DATASET RECORDS.
************
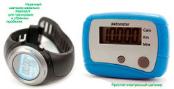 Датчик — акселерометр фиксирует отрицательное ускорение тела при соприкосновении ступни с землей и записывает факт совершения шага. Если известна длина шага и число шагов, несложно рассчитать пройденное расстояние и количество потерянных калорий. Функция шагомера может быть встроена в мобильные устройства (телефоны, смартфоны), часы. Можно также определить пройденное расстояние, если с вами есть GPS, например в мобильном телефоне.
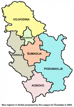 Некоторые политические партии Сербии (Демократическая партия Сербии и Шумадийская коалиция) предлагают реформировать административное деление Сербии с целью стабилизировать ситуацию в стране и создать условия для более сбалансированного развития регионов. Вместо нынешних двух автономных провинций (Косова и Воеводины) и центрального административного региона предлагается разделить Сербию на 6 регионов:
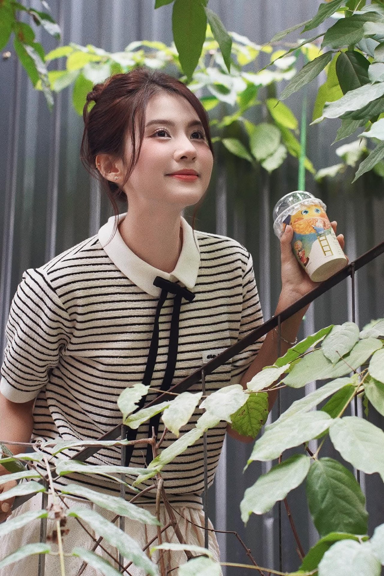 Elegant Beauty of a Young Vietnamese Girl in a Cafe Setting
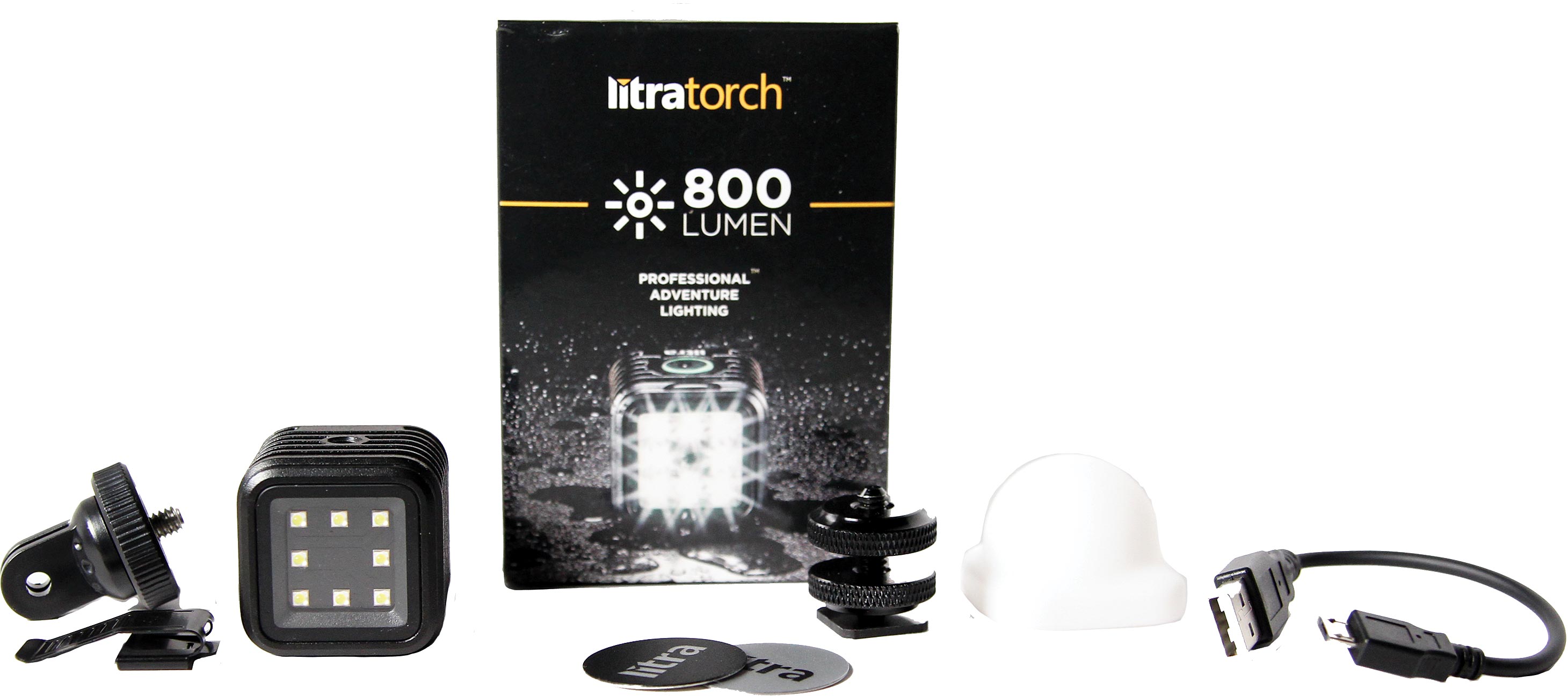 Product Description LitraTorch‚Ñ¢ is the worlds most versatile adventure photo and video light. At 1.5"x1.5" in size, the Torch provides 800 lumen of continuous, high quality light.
************
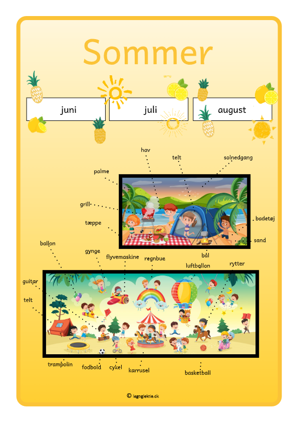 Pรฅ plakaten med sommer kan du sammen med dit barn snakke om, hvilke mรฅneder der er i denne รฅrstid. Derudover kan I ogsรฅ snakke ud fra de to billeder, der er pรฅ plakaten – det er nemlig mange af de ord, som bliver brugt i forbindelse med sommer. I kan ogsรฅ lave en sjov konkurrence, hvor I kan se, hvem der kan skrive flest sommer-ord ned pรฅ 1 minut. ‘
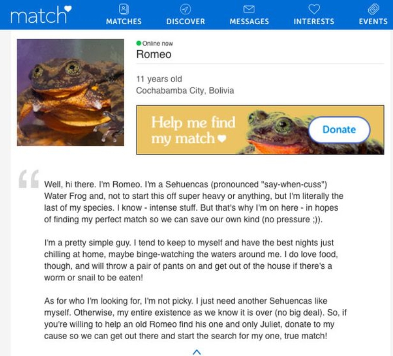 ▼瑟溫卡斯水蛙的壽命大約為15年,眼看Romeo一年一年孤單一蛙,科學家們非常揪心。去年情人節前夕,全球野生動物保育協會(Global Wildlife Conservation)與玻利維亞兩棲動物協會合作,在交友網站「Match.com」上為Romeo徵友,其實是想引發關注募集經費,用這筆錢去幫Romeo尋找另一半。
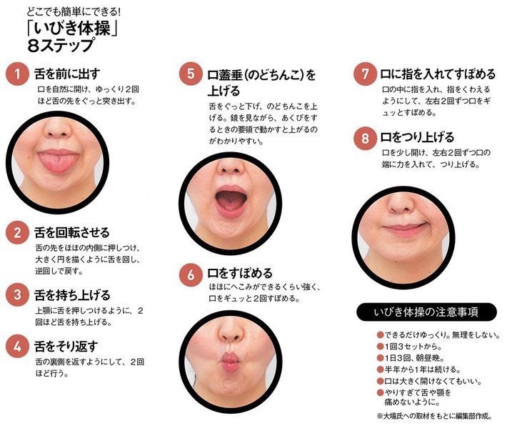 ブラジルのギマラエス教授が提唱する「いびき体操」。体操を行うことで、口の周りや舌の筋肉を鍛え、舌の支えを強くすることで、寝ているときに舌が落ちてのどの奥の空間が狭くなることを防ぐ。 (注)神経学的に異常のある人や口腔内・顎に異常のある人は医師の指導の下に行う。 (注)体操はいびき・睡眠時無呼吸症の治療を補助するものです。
************
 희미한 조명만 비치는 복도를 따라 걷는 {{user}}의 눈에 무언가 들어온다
************
WHAT THE EXERCISE ASKS.
From the data above, return exactly the lines from the one with "Датчик — акселерометр" up to and including the one with "Product Description LitraTorch‚Ñ¢". Pictures do not go in the copy.

WRITTEN RESPONSE.
 Датчик — акселерометр фиксирует отрицательное ускорение тела при соприкосновении ступни с землей и записывает факт совершения шага. Если известна длина шага и число шагов, несложно рассчитать пройденное расстояние и количество потерянных калорий. Функция шагомера может быть встроена в мобильные устройства (телефоны, смартфоны), часы. Можно также определить пройденное расстояние, если с вами есть GPS, например в мобильном телефоне.
 Некоторые политические партии Сербии (Демократическая партия Сербии и Шумадийская коалиция) предлагают реформировать административное деление Сербии с целью стабилизировать ситуацию в стране и создать условия для более сбалансированного развития регионов. Вместо нынешних двух автономных провинций (Косова и Воеводины) и центрального административного региона предлагается разделить Сербию на 6 регионов:
 Elegant Beauty of a Young Vietnamese Girl in a Cafe Setting
 Product Description LitraTorch‚Ñ¢ is the worlds most versatile adventure photo and video light. At 1.5"x1.5" in size, the Torch provides 800 lumen of continuous, high quality light.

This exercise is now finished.